▸ **Problem requirements**:
Omitting the pictures, restate all of the entries below exactly.

Extracted records
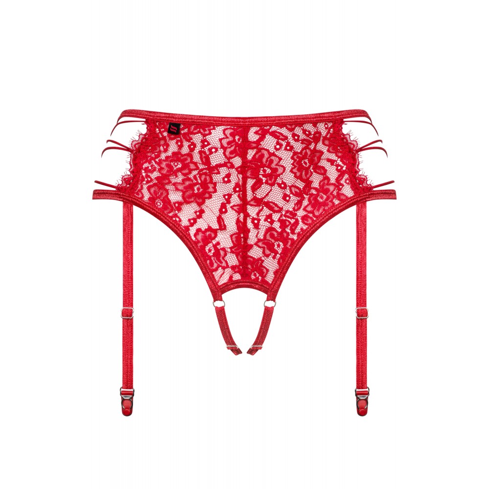 Сюрприз! Мы подготовили для вас замечательный пояс для чулок со стрингами 2 в 1. Пусть красный цвет, фантастическое кружево и крой модели Rediosa соблазнят вас. Все это увенчано свободно плетеными ремнями на бедрах. Нежная ткань, фривольный крой, нежный узор... вот что приходит на ум, когда слышишь «чувственное белье», правда? Ваш мужчина будет только мечтать снять с вас эту уникальную подвязку. Познакомьтесь с этой моделью поближе: модель 2 в 1: пояс для чулок и стринги - необыкновенный пояс для чулок - смелый цвет, невинно прозрачное кружево! цветочный кружевной узор - классическая элегантность по бокам эластичные бретели - женственный вид регулируемые подвязки - гарантия идеальной посадки открытая промежность с регулировкой - соблазнительный элемент приятный, гибкий материал (90% полиамид, 10% эластан)
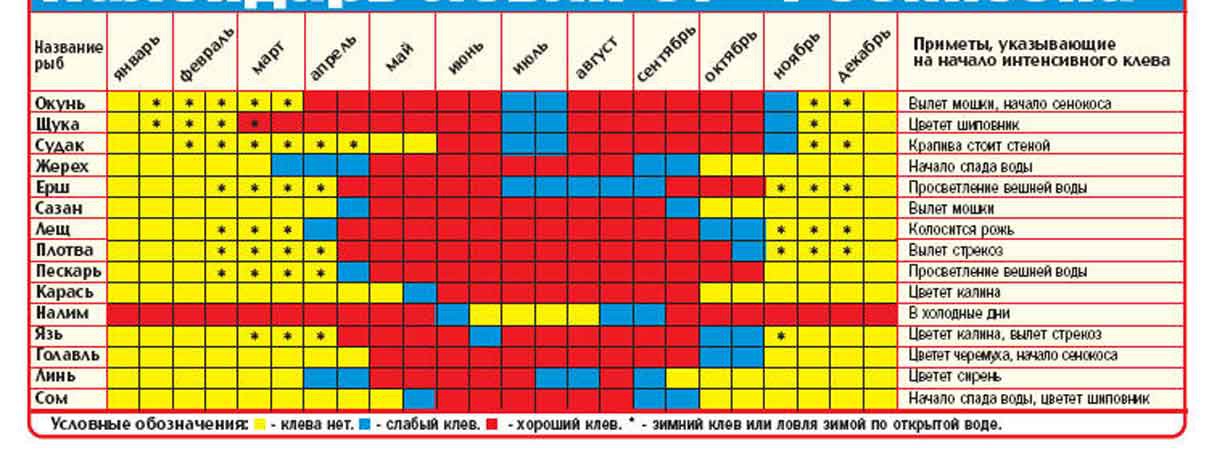 Календарь клева составляется с учетом наиболее благоприятнейших условий хищницы для вылова на каждый сезон года по месяцам. Каждый месяц года хоть в малых деталях, но имеет отличия, как по интенсивности клева, так и наличием количества благоприятных дней.
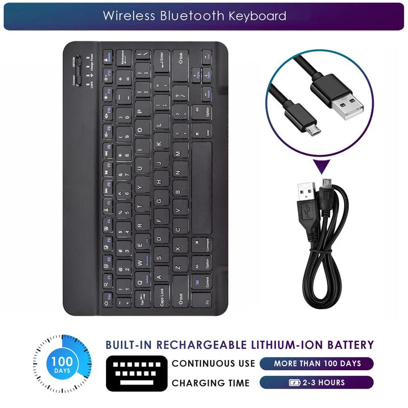 Detuosi Universal 10 Inch Wireless Keyboard, (0.23 Inch) Ultrathin Slim Lightweight Travel Portable, 10.1'' Multi Device Wireles
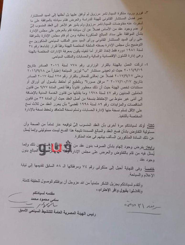 3- فورو ورود مذكرة تامر مرزوق لم أوافق عليها بل أحلتها إلى المستشار عمر فضل المستشار القانوني للهيئة للدراسة والعرض فقام بالموافقة على ما أسفرت عنه مفاوضات تامر مرزوق ولم يشير هو الآخر إلى العقد المنسوب لي أو عدم وجود عقد من الأساس فضلاً عن أنه قام بالعرض على مجلس الإدارة بشأن الموافقة على سداد المبالغ المذكورة بعاليه، ومن ثم قام مجلس الإدارة بالموافقة على رأي المستشار القانونى ورأى تامر مرزوق مدير المكتب السياحي، مع التوضيح بأن مجلس الإدارة بصفته السلطة المختصة للهيئة وفقًا لقرار إنشاءها رقم 34 لسنة 1981 دوره فقط إتخاذ القرار، أما تنفيذه يكون بمعرفة الإدارات المختصة بالهيئة وهي إدارة الشئون الإقتصادية والمالية والحسابات والمكتب السياحي
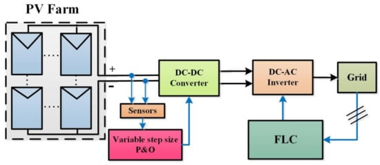 The PV network is extended to connect with a grid by the inverter. There are different stages involved: (1) converter and (2) inverter. The converter is controlled by the variable step size P&O approach, while the inverter is controlled by the fuzzy logic controller (FLC). Overall, the working model is showcased in Figure 13.
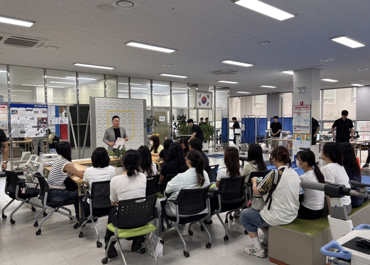 ![]() 김석환 스포츠과학연구원장이 3일 오전 연구원에서 광주여대 자원봉사 인력들을 대상으로 최종(5차) 리허설을 진행하고 있다. |
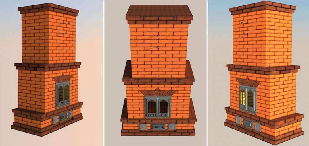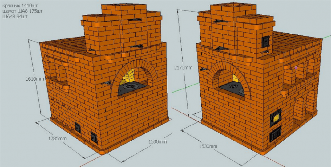 В этой модели также присутствуют дымовые задвижки в количестве 2 штук. Они располагаются вверху и посередине печки. Для чистки дымовых каналов в конструкции предусматривается одна дверца размером 400*200 мм. Чтобы построить данную модель, используют:
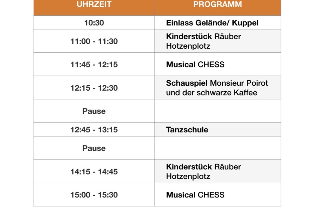 Weiter geht es nach einer kleinen Pause mit dem Musical "CHESS" um 11:45 Uhr und um 15 Uhr.
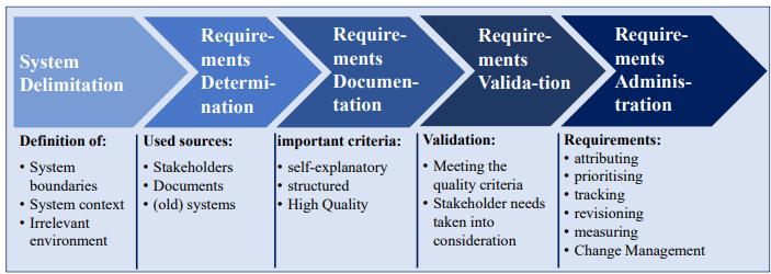 requirements of the stakeholders, documenting them correctly, checking & integrating them and managing the documented needs throughout the entire life cycle of the system". The procedures are shown in the illustration below.

▸ **Reply**:
 Сюрприз! Мы подготовили для вас замечательный пояс для чулок со стрингами 2 в 1. Пусть красный цвет, фантастическое кружево и крой модели Rediosa соблазнят вас. Все это увенчано свободно плетеными ремнями на бедрах. Нежная ткань, фривольный крой, нежный узор... вот что приходит на ум, когда слышишь «чувственное белье», правда? Ваш мужчина будет только мечтать снять с вас эту уникальную подвязку. Познакомьтесь с этой моделью поближе: модель 2 в 1: пояс для чулок и стринги - необыкновенный пояс для чулок - смелый цвет, невинно прозрачное кружево! цветочный кружевной узор - классическая элегантность по бокам эластичные бретели - женственный вид регулируемые подвязки - гарантия идеальной посадки открытая промежность с регулировкой - соблазнительный элемент приятный, гибкий материал (90% полиамид, 10% эластан)
 Календарь клева составляется с учетом наиболее благоприятнейших условий хищницы для вылова на каждый сезон года по месяцам. Каждый месяц года хоть в малых деталях, но имеет отличия, как по интенсивности клева, так и наличием количества благоприятных дней.
 Detuosi Universal 10 Inch Wireless Keyboard, (0.23 Inch) Ultrathin Slim Lightweight Travel Portable, 10.1'' Multi Device Wireles
 3- فورو ورود مذكرة تامر مرزوق لم أوافق عليها بل أحلتها إلى المستشار عمر فضل المستشار القانوني للهيئة للدراسة والعرض فقام بالموافقة على ما أسفرت عنه مفاوضات تامر مرزوق ولم يشير هو الآخر إلى العقد المنسوب لي أو عدم وجود عقد من الأساس فضلاً عن أنه قام بالعرض على مجلس الإدارة بشأن الموافقة على سداد المبالغ المذكورة بعاليه، ومن ثم قام مجلس الإدارة بالموافقة على رأي المستشار القانونى ورأى تامر مرزوق مدير المكتب السياحي، مع التوضيح بأن مجلس الإدارة بصفته السلطة المختصة للهيئة وفقًا لقرار إنشاءها رقم 34 لسنة 1981 دوره فقط إتخاذ القرار، أما تنفيذه يكون بمعرفة الإدارات المختصة بالهيئة وهي إدارة الشئون الإقتصادية والمالية والحسابات والمكتب السياحي
 The PV network is extended to connect with a grid by the inverter. There are different stages involved: (1) converter and (2) inverter. The converter is controlled by the variable step size P&O approach, while the inverter is controlled by the fuzzy logic controller (FLC). Overall, the working model is showcased in Figure 13.
 ![]() 김석환 스포츠과학연구원장이 3일 오전 연구원에서 광주여대 자원봉사 인력들을 대상으로 최종(5차) 리허설을 진행하고 있다. |
 В этой модели также присутствуют дымовые задвижки в количестве 2 штук. Они располагаются вверху и посередине печки. Для чистки дымовых каналов в конструкции предусматривается одна дверца размером 400*200 мм. Чтобы построить данную модель, используют:
 Weiter geht es nach einer kleinen Pause mit dem Musical "CHESS" um 11:45 Uhr und um 15 Uhr.
 requirements of the stakeholders, documenting them correctly, checking & integrating them and managing the documented needs throughout the entire life cycle of the system". The procedures are shown in the illustration below.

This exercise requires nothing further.